ANTIBODY THAT BINDS TO ENVELOPE GLYCOPROTEIN OF SEVERE FEVER WITH THROMBOCYTOPENIA SYNDROME VIRUS AND USE FOR SAME

Abstract

The present invention relates to an antibody which specifically binds to the envelope glycoprotein of severe fever with thrombocytopenia syndrome virus (SFTSV), the pathogen of severe fever with thrombocytopenia syndrome (SFTS), and is used in order to effectively detect or diagnosis SFTSV and treat SFTS.

Claims

1. An antibody which specifically binds to Gc or Gn that is an envelope glycoprotein of severe fever with thrombocytopenia syndrome virus.

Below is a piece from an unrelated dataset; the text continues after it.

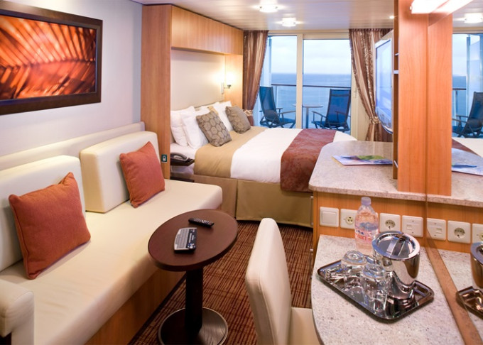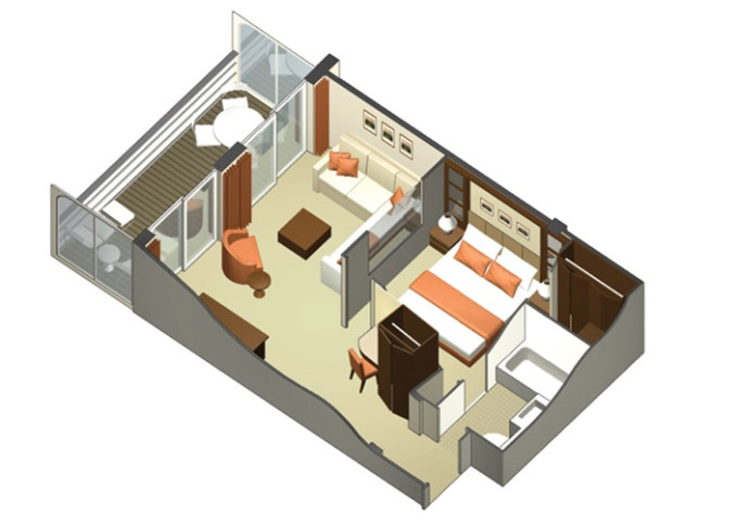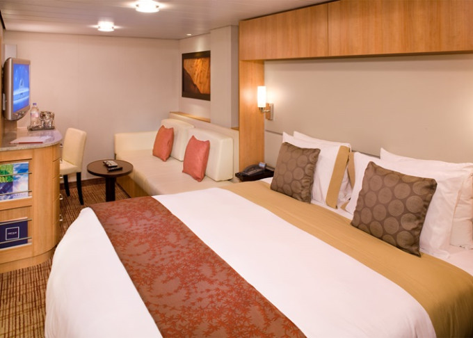 - Kajuty sú umiestnené v blízkosti lodného Spa. K ich vybaveniu patrí posilnený systém vzdušnej filtrácie, posteľ Queen-Size (v kategóriách Edge King-Size), veľké zasúvacie sklenené dvere, exkluzívne posteľné prádlo eXhale®, veľkorysé skladovacie priestory.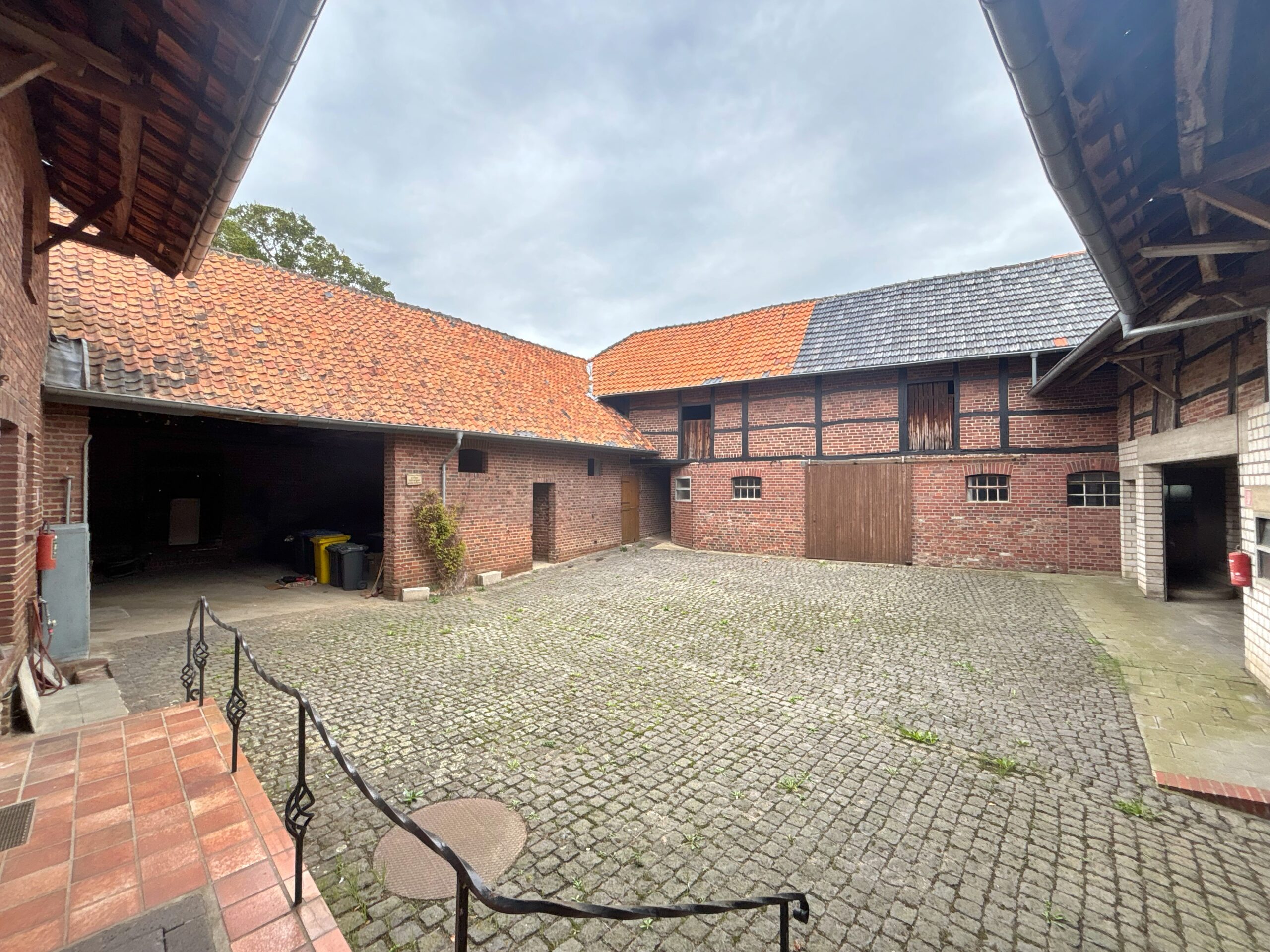 Diese charmante Hofanlage aus dem Jahr 1661 wartet darauf, von Ihnen mit neuem Leben erfüllt zu werden. Auf ca. 179 m² Wohnfläche und einem traumhaften Grundstück von ca. 8.298 m² eröffnen sich Ihnen vielfältige Möglichkeiten zur individuellen Gestaltung und Verwirklichung Ihrer Wohnträume. Das Haupthaus erstreckt sich über zwei Etagen und beeindruckt bereits im Erdgeschoss mit einer großzügigen Diele. Die geräumige Küche mit angrenzendem, großzügigem Vorratsraum lädt zum gemeinsamen Kochen und Verweilen ein. Das Wohnzimmer ist direkt vom Esszimmer aus zugänglich und bietet viel Platz für gemütliche Stunden. Ergänzt wird das Raumangebot durch ein praktisches Gäste-WC sowie ein flexibel nutzbares Zimmer, das sich ideal als Büro oder Gästezimmer eignet. Zudem ist ein Hauswirtschaftsraum und eine Werkstatt vom Innenhof zugänglich. Im Obergeschoss erwarten Sie vier helle und großzügig geschnittene Schlafzimmer sowie ein Tageslichtbad mit Badewanne und Dusche. Angrenzend an das Wohnhaus befinden sich zusätzliche Stallungen und Hallen, die teilweise vermietet sind und somit weiteres Potenzial bieten. Weitere Nutzflächen sind auf den Dachböden des Vierkanthofes vorhanden. Darüber hinaus ist die Immobilie vollständig unterkellert, der großzügige Gewölbekeller bietet angenehme Stehhöhe und vielfältige Nutzungsmöglichkeiten. Für 724.000 € inklusive zusätzlichem Baugrundstück gleich anrufen und einen Besichtigungstermin vereinbaren!

2. The antibody according to claim 1, wherein the antibody comprises a light chain complementarity determining region 1 (LCDR1) comprising any one of amino acids sequence selected from the group consisting of SEQ ID NOs: 21, 22, 23, 24 and 25, a light chain complementarity determining region 2 (LCDR2) comprising any one of amino acids sequence selected from the group consisting of SEQ ID NOs: 41, 42, 43, 44 and 45, a light chain complementarity determining region 3 (LCDR3) comprising any one of amino acids sequence selected from the group consisting of SEQ ID NOs: 61, 62, 63, 64 and 65, a heavy chain complementarity determining region 1 (HCDR1) comprising any one of amino acids sequence selected from the group consisting of SEQ ID NOs: 26, 27, 28, 29 and 30, a heavy chain complementarity determining region 2 (HCDR2) comprising any one of amino acids sequence selected from the group consisting of SEQ ID NOs: 46, 47, 48, 49 and 50, and a heavy chain complementarity determining region 3 (HCDR3) comprising any one of amino acids sequence selected from the group consisting of SEQ ID NOs: 66, 67, 68, 69 and 70, and specifically binds to Gc that is an envelope glycoprotein of SFTSV.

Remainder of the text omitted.